[Data provided Boundary: Start]

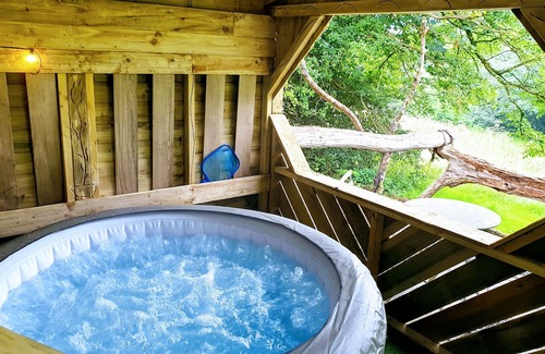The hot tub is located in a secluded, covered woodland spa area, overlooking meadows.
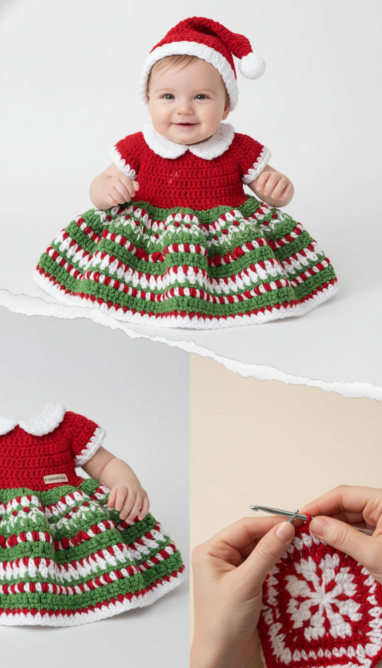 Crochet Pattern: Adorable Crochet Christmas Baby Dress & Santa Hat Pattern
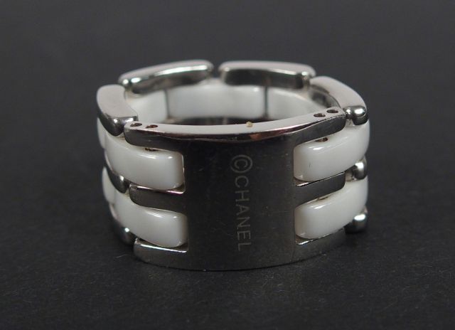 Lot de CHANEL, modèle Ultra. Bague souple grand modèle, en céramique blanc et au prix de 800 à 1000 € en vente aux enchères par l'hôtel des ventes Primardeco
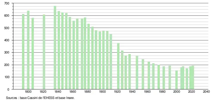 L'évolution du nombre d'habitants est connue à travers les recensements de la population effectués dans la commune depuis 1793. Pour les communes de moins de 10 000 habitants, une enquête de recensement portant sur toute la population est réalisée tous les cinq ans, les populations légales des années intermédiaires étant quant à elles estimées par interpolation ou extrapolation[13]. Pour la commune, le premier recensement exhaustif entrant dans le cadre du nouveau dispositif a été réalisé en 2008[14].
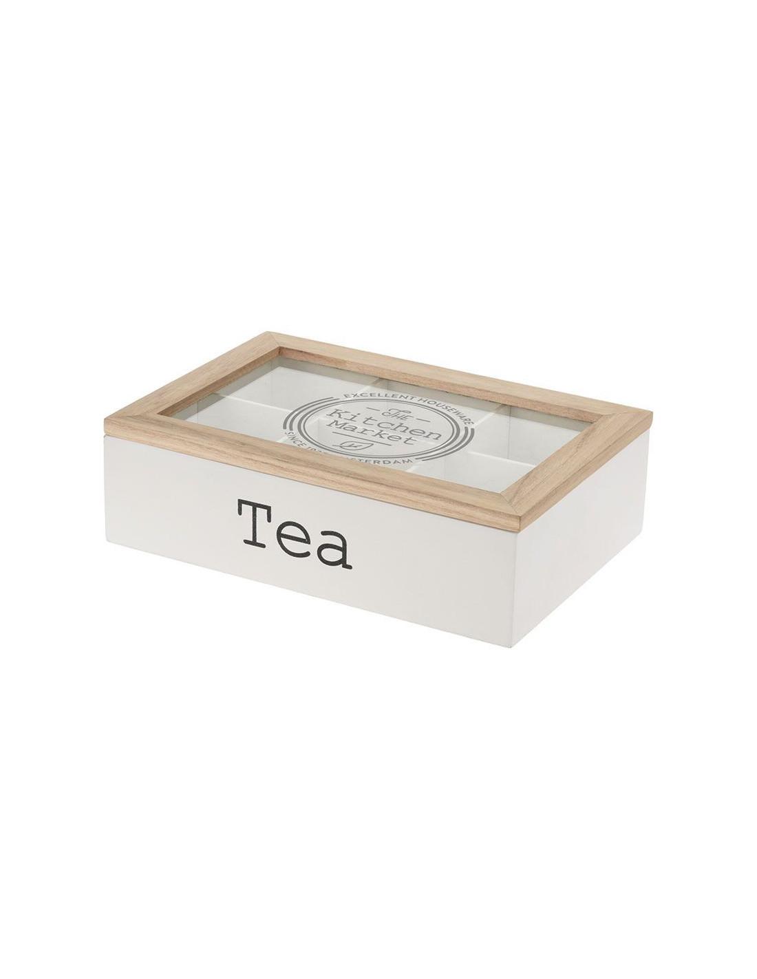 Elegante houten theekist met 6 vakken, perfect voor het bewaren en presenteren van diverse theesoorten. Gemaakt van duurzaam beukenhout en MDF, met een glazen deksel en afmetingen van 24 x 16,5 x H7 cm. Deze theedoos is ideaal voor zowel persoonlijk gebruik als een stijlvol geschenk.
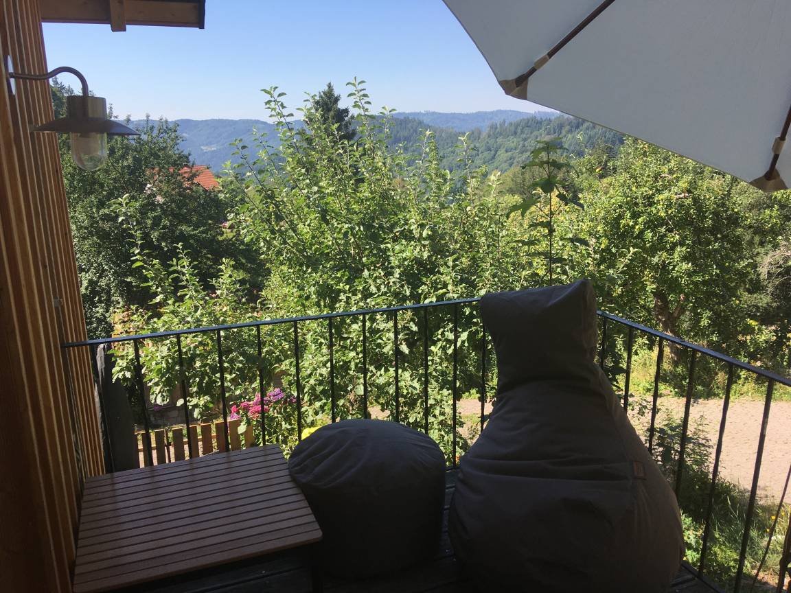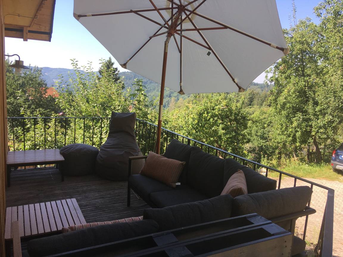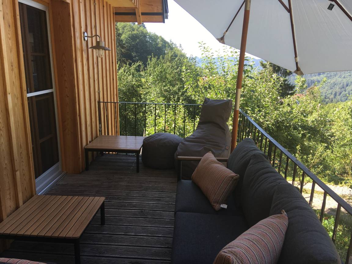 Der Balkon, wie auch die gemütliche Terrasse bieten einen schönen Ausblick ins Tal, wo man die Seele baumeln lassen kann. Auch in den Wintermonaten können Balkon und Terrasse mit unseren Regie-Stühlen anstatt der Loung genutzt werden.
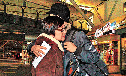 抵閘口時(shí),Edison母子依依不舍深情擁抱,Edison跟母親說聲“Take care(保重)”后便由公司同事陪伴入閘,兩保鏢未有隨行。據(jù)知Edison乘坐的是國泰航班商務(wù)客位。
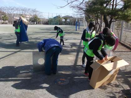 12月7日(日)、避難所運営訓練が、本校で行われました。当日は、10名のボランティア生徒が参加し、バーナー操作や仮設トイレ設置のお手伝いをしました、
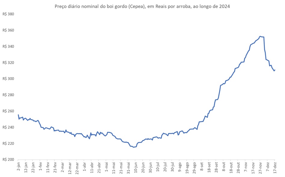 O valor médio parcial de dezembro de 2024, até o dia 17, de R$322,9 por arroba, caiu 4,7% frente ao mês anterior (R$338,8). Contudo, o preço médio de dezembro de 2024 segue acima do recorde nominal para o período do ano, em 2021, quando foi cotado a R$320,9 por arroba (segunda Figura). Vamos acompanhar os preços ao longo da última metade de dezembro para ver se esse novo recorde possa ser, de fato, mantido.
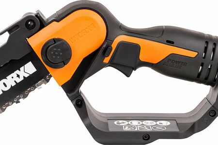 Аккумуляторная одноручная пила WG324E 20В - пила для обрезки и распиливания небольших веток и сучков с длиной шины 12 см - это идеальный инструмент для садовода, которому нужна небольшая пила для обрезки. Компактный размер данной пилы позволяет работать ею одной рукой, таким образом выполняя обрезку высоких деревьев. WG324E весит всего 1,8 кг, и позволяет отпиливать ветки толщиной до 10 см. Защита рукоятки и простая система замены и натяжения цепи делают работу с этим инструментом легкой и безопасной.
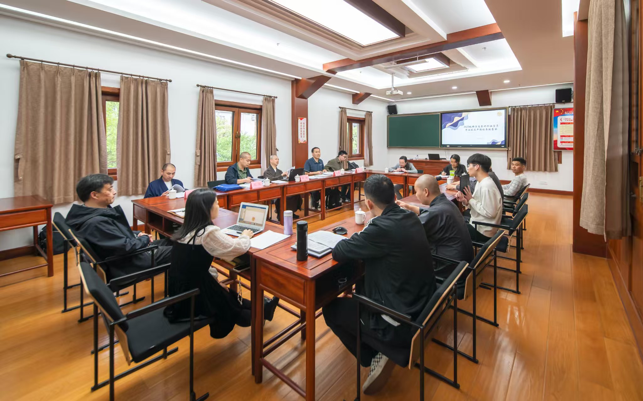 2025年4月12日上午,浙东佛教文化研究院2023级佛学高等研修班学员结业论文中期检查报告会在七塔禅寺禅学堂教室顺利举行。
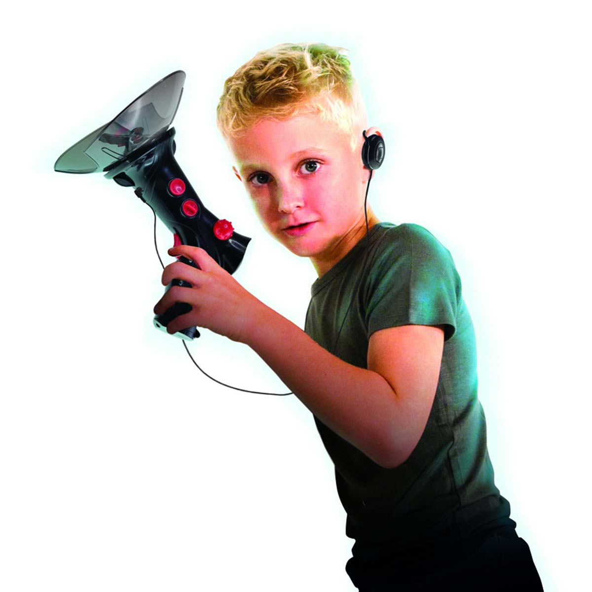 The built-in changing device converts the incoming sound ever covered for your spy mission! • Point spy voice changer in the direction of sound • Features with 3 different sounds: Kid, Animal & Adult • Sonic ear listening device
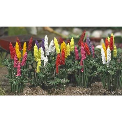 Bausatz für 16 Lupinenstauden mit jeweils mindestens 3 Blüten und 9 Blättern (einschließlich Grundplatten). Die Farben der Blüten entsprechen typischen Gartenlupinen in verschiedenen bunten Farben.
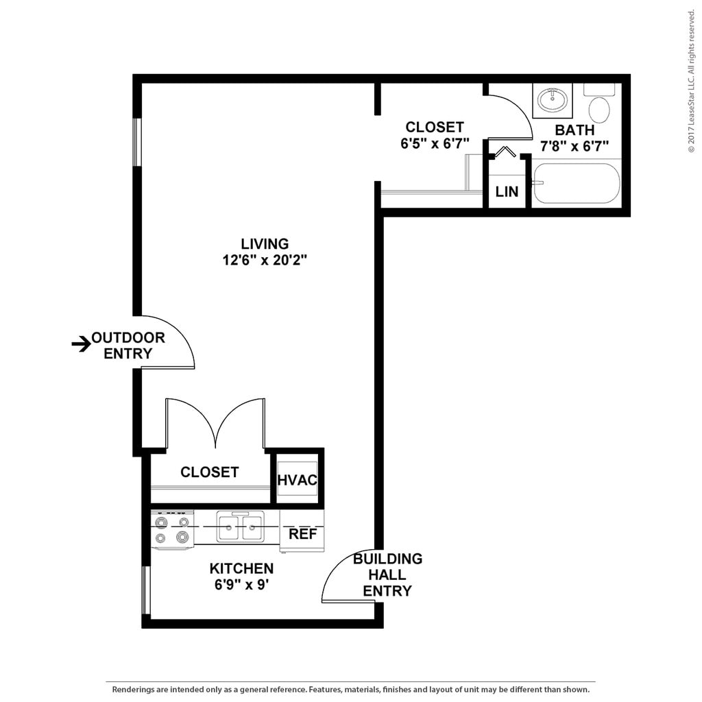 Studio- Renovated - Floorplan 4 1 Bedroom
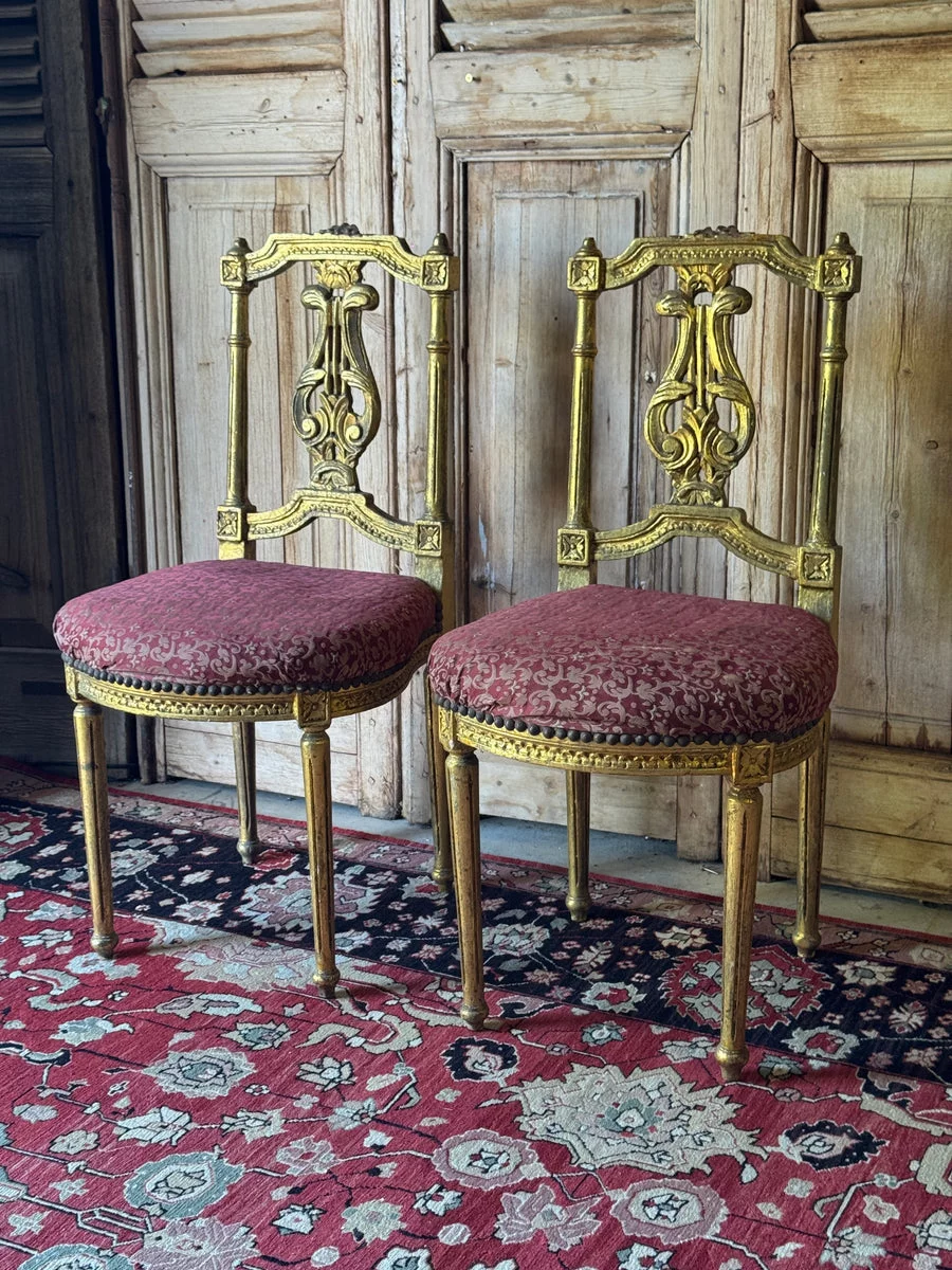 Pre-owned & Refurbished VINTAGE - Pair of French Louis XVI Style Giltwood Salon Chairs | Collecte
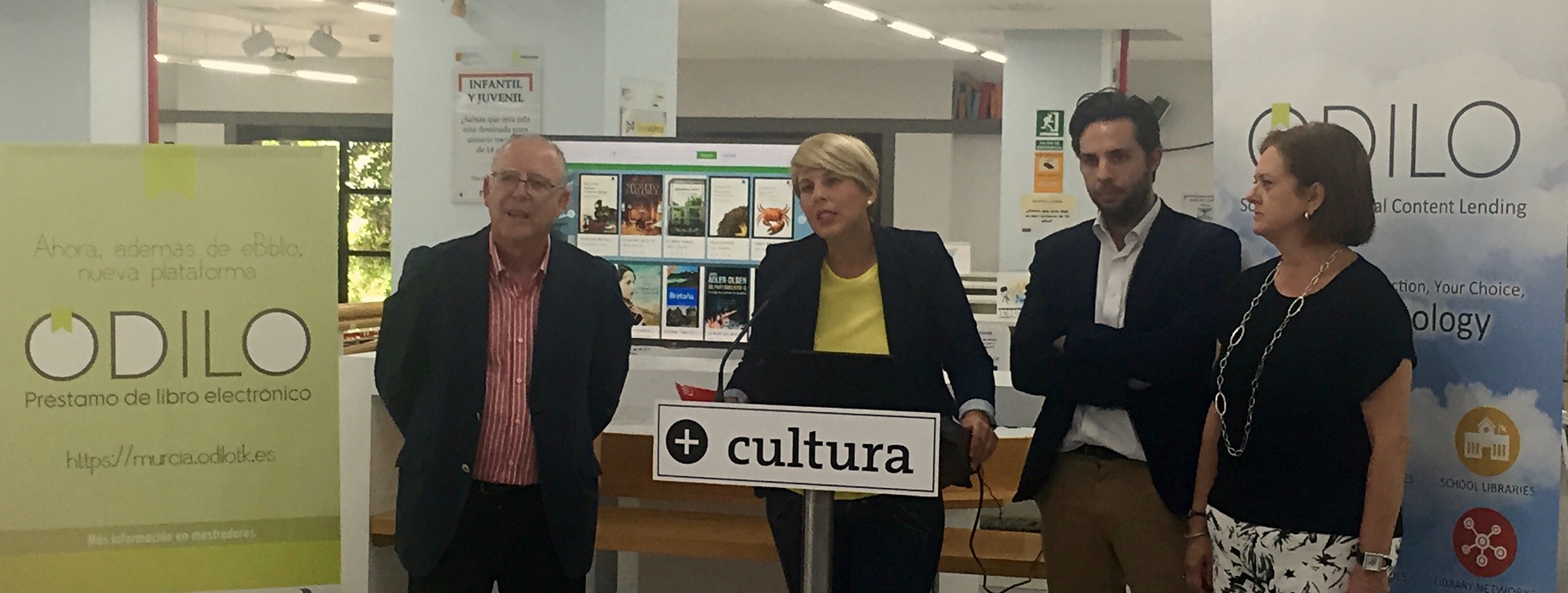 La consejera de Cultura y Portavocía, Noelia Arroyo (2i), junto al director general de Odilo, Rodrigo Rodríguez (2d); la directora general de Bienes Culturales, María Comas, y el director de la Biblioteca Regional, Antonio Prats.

[Data provided Boundary: End]

● **Exercise requirements**: Could you write out exactly the lines of the data above that run from the one holding "Crochet Pattern: Adorable" to the one holding "L'évolution du nombre", with both ends in and all pictures out?

● **Written solution**:
 Crochet Pattern: Adorable Crochet Christmas Baby Dress & Santa Hat Pattern
 Lot de CHANEL, modèle Ultra. Bague souple grand modèle, en céramique blanc et au prix de 800 à 1000 € en vente aux enchères par l'hôtel des ventes Primardeco
 L'évolution du nombre d'habitants est connue à travers les recensements de la population effectués dans la commune depuis 1793. Pour les communes de moins de 10 000 habitants, une enquête de recensement portant sur toute la population est réalisée tous les cinq ans, les populations légales des années intermédiaires étant quant à elles estimées par interpolation ou extrapolation[13]. Pour la commune, le premier recensement exhaustif entrant dans le cadre du nouveau dispositif a été réalisé en 2008[14].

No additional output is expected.